What does this look like on the ground? One of the ways the CNS can encourage and empower staff is through the development of behaviour support groups. The purpose of the behaviour support group is to:
- support staff who are working with clients who engage in challenging behaviour,
- develop and encourage an atmosphere and language that are proactive and non-aversive,
- update staff on new developments and research,
- development of ongoing review of support plans, and
- track data for research.
These measures ensure that staff are empowered, supported and able to develop skills by learning from each other in such a way that the required behavioural supports are maintained for the individual.
Audit and research
The CNS role in auditing and research can help to develop practice within a service by reviewing and evaluating current practice, promoting new ideas, and incorporating research findings into clinical practice. There are three areas of research and auditing that a CNS is involved in:
- reading about and publicising the latest research in the field,
- tracking and auditing behaviour support plans and reporting on the results, and
- incorporating individuals’ long-term goals into service plans.

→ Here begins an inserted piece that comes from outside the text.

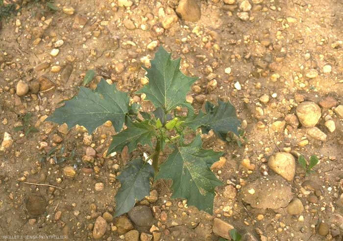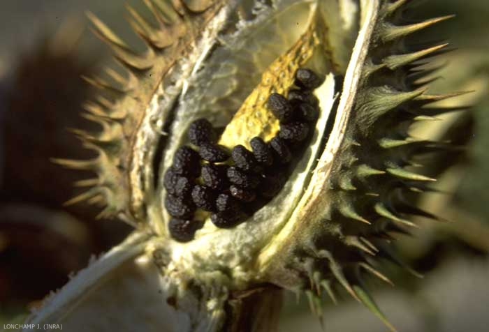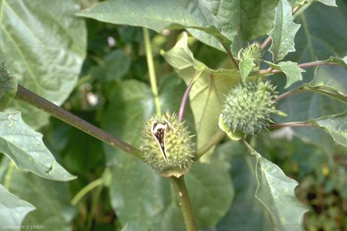 Fruits : capsules grosses comme une noix, dressées, ovales, chargées d'aiguillons robustes (pomme épineuse) ;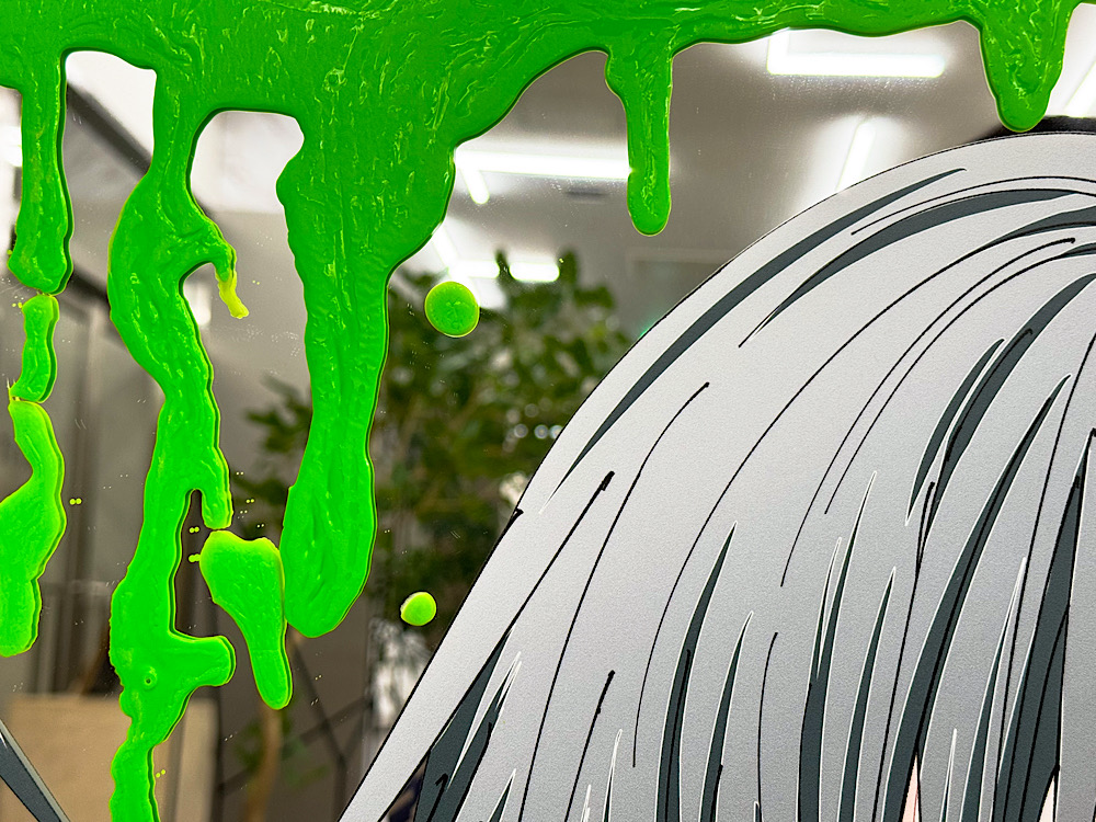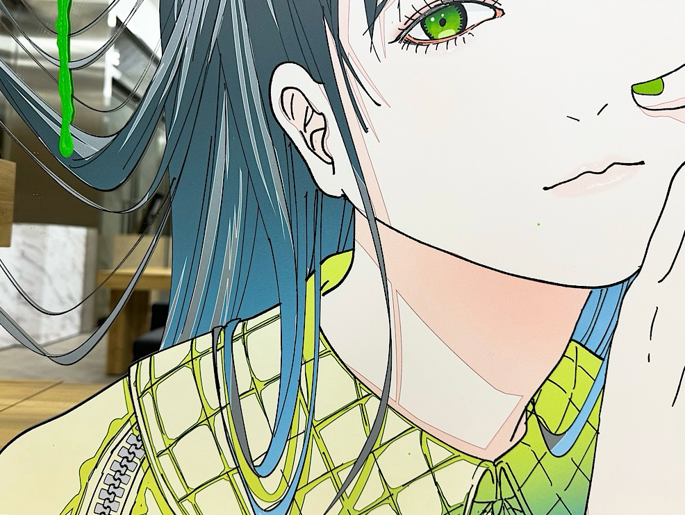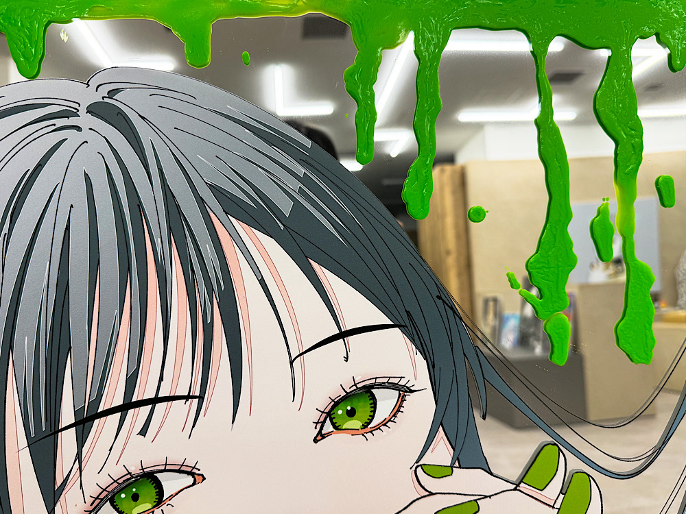 ミラー加工のアクリル板にUV印刷を施し、その上からアクリル絵の具で加筆をした作品になります。

This involves advocating for and with the client and ensuring that the long-term goals and wishes of the person are placed into service plans for development. The CNS-advocate can also act as an advocate by inputting into service policy and development.
The CNS has a crucial role in service advancement by developing policies that emphasise behavioural change, rather then just behavioural management. Behavioural supports act as a prosthesis for the person—if the prosthesis is removed, the challenging behaviour will return. It is incumbent on a CNS that they are involved in policy development to ensure that meaningful outcomes for individuals with challenging behaviour are maintained and embedded in service development.
Finally, the CNS must be clear on his/her role and develop all five competencies within the area of challenging behaviour?. The CNS firstly focuses on improving the person’s repertoire of behaviours and skills and the person’s quality of life. To support and maintain behavioural change, the CNS develops strategies for supporting families and staff through training and support groups. As frontline staff and families become more proficient with supporting behavioural change, the CNS in behaviour will need to adapt and change to suit the increasing knowledge of staff and families . The role should not remain static, but should be flexible in order to meet changing demands and service needs, but also to service needs.